# Favorite movie soundtracks



## TomS (Jun 18, 2012)

Didn't find a thread on this one yet. 
What's your favorite movie soundtrack? 

Here's mine

http://www.youtube.com/watch?v=bzLIOH7ftMY&feature=colike


----------



## Rodders (Jun 18, 2012)

Star Wars: The Empire Strikes Back was always my fouvourite soundtrack. Other (SF) include The Terminator by Brad Fiedel, Escape from New York by John Carpenter, Vangelis's Blade Runner.


----------



## thaddeus6th (Jun 18, 2012)

Indiana Jones and the Last Crusade is one that I really like. To The Stars from Dragonheart's pretty good as well.

Not much of a film buff, though.


----------



## Jo Zebedee (Jun 18, 2012)

Oh, it didn't say SFF - Bridget Jones' is fab. Blues Brothers. Paris Texas. Big Blue, I love its music.... Dune, for all its many faults, had a good soundtrack. Lord of the Rings. Oh and Titanic*


*I am joking. Honesly.


----------



## J-Sun (Jun 18, 2012)

_This Is Spinal Tap_!

Just kidding, but it is fun. 

I think there actually is a thread like this but I forget what/where. For this, I'm thinking more of "music in the movies" than "albums produced from movie music". Not sure what's really intended. I don't tend to get or listen to soundtracks albums as such.

My favorites are the original _Star Wars_ soundtrack and probably _Pulp Fiction_. It's hard to pick just one but each is my single favorite orchestral and rock soundtrack. I don't think the music of any other movie does as much to make the movie (and be excellent music in its own right) as the music of these two, especially _Star Wars_.

I also like _American Grafitti_, _Animal House_, _Platoon_ and probably more like them. Also _Rock 'n' Roll High School_. And _Ferris Bueller's Day Off_. All of these have awful things in them, but have a lot of great stuff, too.

I wouldn't have thought to mention _Blade Runner_ if Rodders hadn't, but I also like that. Can't go wrong with _2001_, either.


----------



## TomS (Jun 18, 2012)

My idea was musical scores, often orchestral. But if there are soundtracks with more contemporary music involved then that's fine too.


----------



## Muphry (Jun 26, 2012)

I love Drive's score. And what Trent Reznor and Atticus Ross did for The Social Network and The Girl with the Dragon Tattoo. They're kind of low-key though and I don't really listen to them outside the movies.
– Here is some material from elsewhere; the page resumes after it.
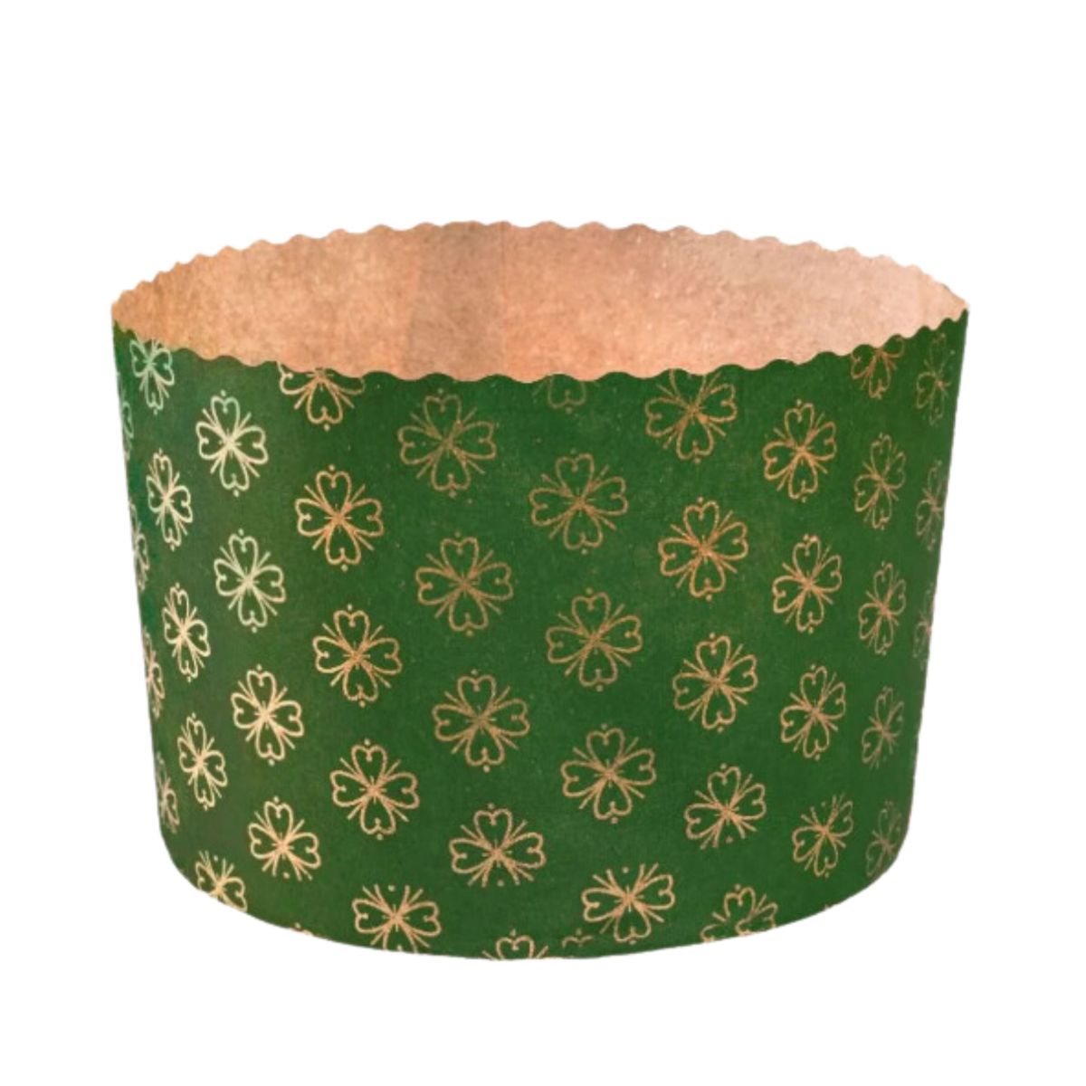 Cor verde decorativa, que valoriza a apresentação do panetone.

Tron: Legacy was a mediocre film, but with a great soundtrack by Daft Punk.


----------



## TomS (Jun 26, 2012)

OK, I've never watched them all the way through but, as a Pink Floyd fan, I'd have to say the soundtracks to* More* and *Obscured by Clouds (La Vallee)*. The films are a little weird for me but the soundtracks are fine albums in their own right.


----------



## FireDragon-16 (Jun 26, 2012)

I have so many that I like...
Right now, I'd have to say my favorite is *Harry Potter and the Deathly Hallows Part 2*.


----------



## J-Sun (Jun 26, 2012)

TomS said:


> OK, I've never watched them all the way through but, as a Pink Floyd fan, I'd have to say the soundtracks to* More* and *Obscured by Clouds (La Vallee)*. The films are a little weird for me but the soundtracks are fine albums in their own right.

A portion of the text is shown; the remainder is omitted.